Faiz tartışmaları ve kur dalgalanmalarının yol açtığı sıkıntılara rağmen bu politikalarından taviz vermediklerini belirten Cumhurbaşkanı Erdoğan, şunları söyledi:

"Yatırım, istihdam, üretim, ihracat ve cari fazla hedefli ekonomi programımızı, ısrarla ve kararlılıkla uygulayarak salgının ilk aylarındaki kayıpları hızla telafi etmekle kalmadık, ötesine de geçtik. Dünya küçülürken biz büyüdüğümüz, istihdam ve ihracatta rekor üstüne rekor kırdığımız bir dönemi geride bıraktık. Netice itibarıyla hükümetlerimiz döneminde 11 milyonun üzerinde insanımıza çalışacak iş sağladık, geçinecek gelir temin ettik. Bahar mevsimiyle birlikte canlanacak turizm, inşaat ve tarım sektörleri istihdamı daha da yukarıya taşıyacaktır.

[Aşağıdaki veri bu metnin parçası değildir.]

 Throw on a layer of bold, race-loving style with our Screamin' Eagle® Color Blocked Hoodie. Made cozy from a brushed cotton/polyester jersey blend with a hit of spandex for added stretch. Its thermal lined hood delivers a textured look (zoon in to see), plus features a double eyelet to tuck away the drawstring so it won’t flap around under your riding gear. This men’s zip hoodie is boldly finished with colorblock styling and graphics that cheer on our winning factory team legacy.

Elbette hayat pahalılığının yol açtığı sıkıntılar vardır. Elbette sokakta, tezgahta, vitrinde canımızı yakan fiyat artışları vardır, emin olun bunların hepsi de geçicidir, konjonktüreldir, bu döneme mahsustur."

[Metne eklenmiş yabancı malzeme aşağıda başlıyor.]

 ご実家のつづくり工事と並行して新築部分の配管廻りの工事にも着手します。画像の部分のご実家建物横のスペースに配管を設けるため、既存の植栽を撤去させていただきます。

"ALIM GÜCÜNDEKİ DÜŞÜŞ BİR SÜRE SONRA TELAFİ EDİLEBİLİR KAYBEDİLEN HUZUR VE VAKTİN GERİ KAZANIMI DAHA ZORDUR"

Asgari ücretten, memur ve emekli maaşlarına kadar tüm çalışanların gelirlerinde yüksek oranlı artış yaparak esnaf ve sanatkarları kredi paketleriyle destekleyerek, hayat pahalılığının vatandaşlar üzerindeki yükünü azaltmanın gayreti içinde olduklarını vurgulayan Erdoğan, şunları kaydetti:

"Ancak bunları konuşurken şu gerçeği de kesinlikle gözden kaçırmamalı, aklımızdan çıkarmamalıyız. Alım gücündeki düşüş bir süre sonra telafi edilebilirken kaybedilen işin, kaybedilen huzurun, kaybedilen vaktin geri kazanımı çok daha zordur. Böyle dönemlerde asıl olan çalışacak iş, hayatını sürdürecek gelir sahibi olmaktır. Asıl olan kendine ve ailesine karşı mahcubiyet yaşamamaktır. Asıl olan nice krizler, nice sancılar içinde kıvranan bölgemizde başı dik durabilmektir. Asıl olan geleceğe umutla bakabilmeyi sürdürecek zemini kaybetmemektir. Bunun için fabrikaların çalışması, esnafın dükkanının açık kalması, toprağın ekilmesi, yolların yük taşıyan kamyonlarla dolu olması, emlak ve araç satışlarının sürmesi, hayatın canlı şekilde akışı çok önemlidir. Şayet buralarda bir tıkanıklık, gerileme, çöküş yaşanırsa işte o zaman felaket kapımıza dayanmış demektir. Hamdolsun, böyle bir tabloyla karşı karşıya değiliz. Halihazırdaki en büyük sorunumuz yüksek enflasyondur. İnşallah onun da üstesinden, her geçen ay inişini görerek geleceğiz. Milletimizin karşısına güçlü bir eser ve hizmet altyapısıyla, güçlü sanayi ve ticaret işleyişiyle, güçlü bir güvenlik ve diplomasi çerçevesiyle örülü 20 yıllık kazanımlarla çıktığımız için müsterihiz."